Mixed martial arts rivalries

Forrest Griffin vs. Stephan Bonnar is a duo of fights starting in the finals of The Ultimate Fighter 1 contest which received national acclaim, and was highly regarded among fans as one of the most exciting, greatest and memorable fights in the history of not only the Ultimate Fighting Championship (UFC) but of mixed martial arts (MMA) in general. The bout was voted fight of the year by a poll of over 19,000 readers of the website MMAWeekly.com, and was recognized as the 2005 Shoot Match of the Year by the Wrestling Observer Newsletter. The fight was credited by Dana White as the "most important fight in UFC history". The fight was also voted the greatest fight in UFC history in 2009.

== Background ==

The first season of The Ultimate Fighter reality television show featured sixteen mixed martial artists divided into two weight classes: middleweight and light heavyweight. Coaches Randy Couture and Chuck Liddell were selected to mentor the contestants. The contestants were distributed evenly between two teams, and a series of exhibition matches were held until only two fighters from each weight class remained. The finalists appeared on national television in the show finale and competed for a contract with the UFC.

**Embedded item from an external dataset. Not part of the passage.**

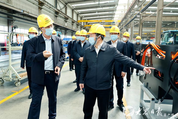 李干杰先后来到英轩重工有限公司、华晨(昌邑)纺织集团、山东浩信集团有限公司,认真听取企业疫情防控和生产经营汇报,深入车间、展销中心察看产品生产线,仔细询问订单生产、产品销售、企业效益、科技研发等情况,叮嘱企业做好常态化疫情防控措施,扩围加密核酸检测,守牢疫情防控底线;要不断加强创新,走智能化、高端化之路。在山东康利莱医疗器材有限公司,李干杰详细了解口罩、防护服等防疫物资生产和保供情况,强调各地要加强防疫物资储备,尤其是提高核酸检测、医疗收治能力,确保有备无患。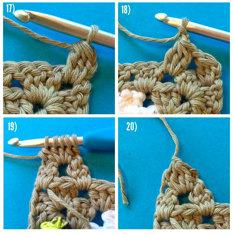 3 DC, CH2 — repeat this sequence three times to form a square.

Forrest Griffin, coached by Chuck Liddell, and Stephan Bonnar, coached by Randy Couture, met in the light heavyweight final.

Both fighters defeated two opponents to make it to the final. On episode seven, Stephan Bonnar defeated Bobby Southworth from Team Liddell in a split decision. On episode nine, Forrest Griffin defeated his first opponent, Alex Schoenauer, by TKO. In the semi-finals, the contestants fought the remaining teammate in their respective weight class to determine the finalists. Forrest Griffin defeated Sam Hoger by TKO; Stephan Bonnar defeated teammate Mike Swick by triangle choke / armbar submission.

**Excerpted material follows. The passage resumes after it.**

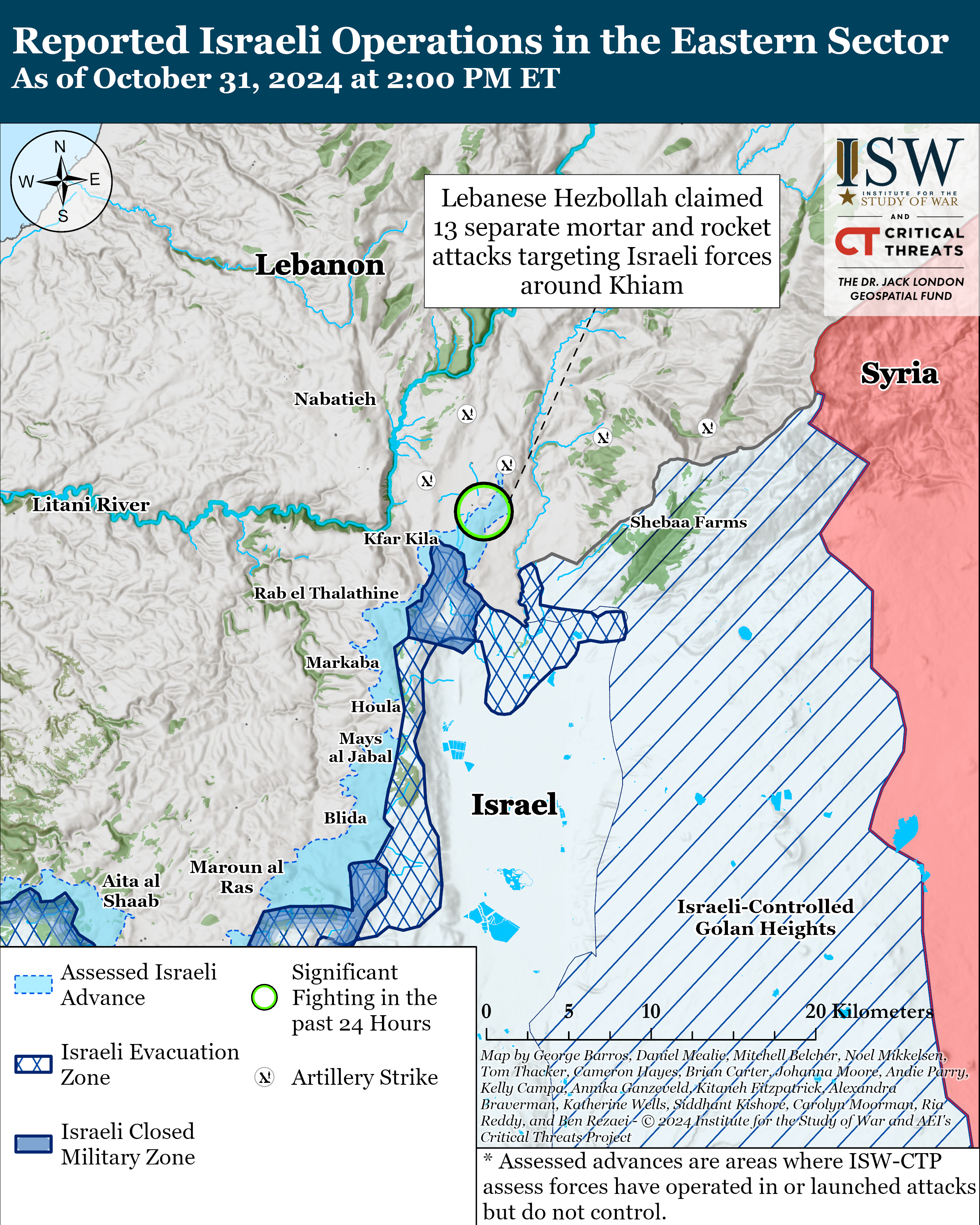 Hezbollah has continued to engage Israeli forces around Khiam, southeastern Lebanon, since CTP-ISW’s data cutoff on October 30. Hezbollah claimed 13 separate mortar and rocket attacks targeting Israeli forces around Khiam.[48] Lebanese media reported small arms combat between Israeli forces and Hezbollah militants around Khiam.[49]

==The Ultimate Fighter Finale==

The finale was held at the Cox Pavilion in Las Vegas, Nevada on April 9, 2005 and was broadcast nationally on Spike TV. It was refereed by Herb Dean and was slated for three 5-minute rounds, the standard UFC format for non-title fights.

Neither fighter offered to "touch gloves" (a gesture of sportsmanship) as the fight began. Both fighters exchanged punches and the occasional low kicks, with Griffin gaining a slight advantage (according to color commentator Joe Rogan). The first round ended with no clear winner. Rogan called the first round the "Hagler-Hearns" of mixed martial arts history (alluding to a famous boxing bout between Marvin Hagler and Thomas Hearns, known as The War).

Early in the second round, a jab by Bonnar created a cut on Griffin's nose, prompting the referee to stop the fight so a doctor could check the cut and clear Griffin to continue. He was cleared, and the fight continued as Bonnar controlled Griffin with a Muay Thai clinch and delivered several knees to Griffin's face. The round ended with Griffin failing a takedown attempt, and Bonnar defending Griffin's offensive Thai clinch.

In the third and final round, Griffin started with low kicks and punches; Bonnar attempted to counterattack from a distance. Griffin delivered several knees from the Thai clinch. Mid-round, Bonnar landed several short punches while infighting. However, Bonnar counterattacked only when opportunities were present. The round ended with Griffin holding Bonnar in a Thai clinch and attacking with knees, followed by a short exchange of punches.

All three judges scored the fight 29–28 in favor of the winner, Forrest Griffin, but because of Stephan Bonnar's outstanding performance, Dana White also granted Stephan a UFC contract on the spot.

The UFC awarded Griffin a contract, as well as a Scion car, a dirt bike, and an Audemars Piguet watch.

==Rematch at UFC 62==

Griffin and Bonnar met again as the co-main event of UFC 62, with Griffin winning another unanimous decision. Following the bout, Bonnar tested positive by the Nevada State Athletic Commission for boldenone, a banned anabolic steroid, and received a nine-month suspension and a $5,000 fine.